EXERCISE AIM -
The answer must consist solely of the line that contains "Spicy Lime Foamy Bells foliage" and all subsequent lines of the data, each reproduced exactly.

RECORDED INFORMATION -
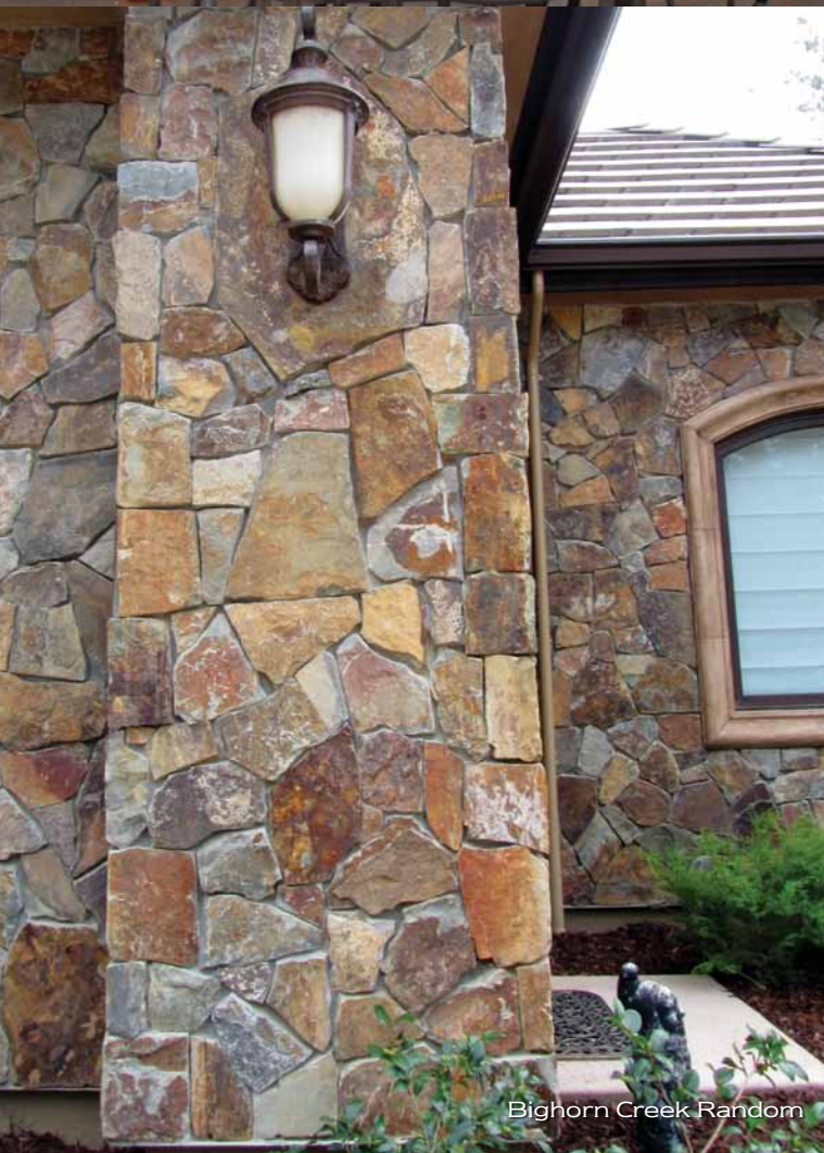
Bighorn Creek Random
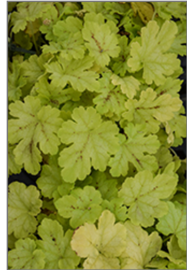
Spicy Lime Foamy Bells foliage

Spicy Lime Foamy Bells is recommended for the following landscape applications;

RESPONSE -
Spicy Lime Foamy Bells foliage

Spicy Lime Foamy Bells is recommended for the following landscape applications;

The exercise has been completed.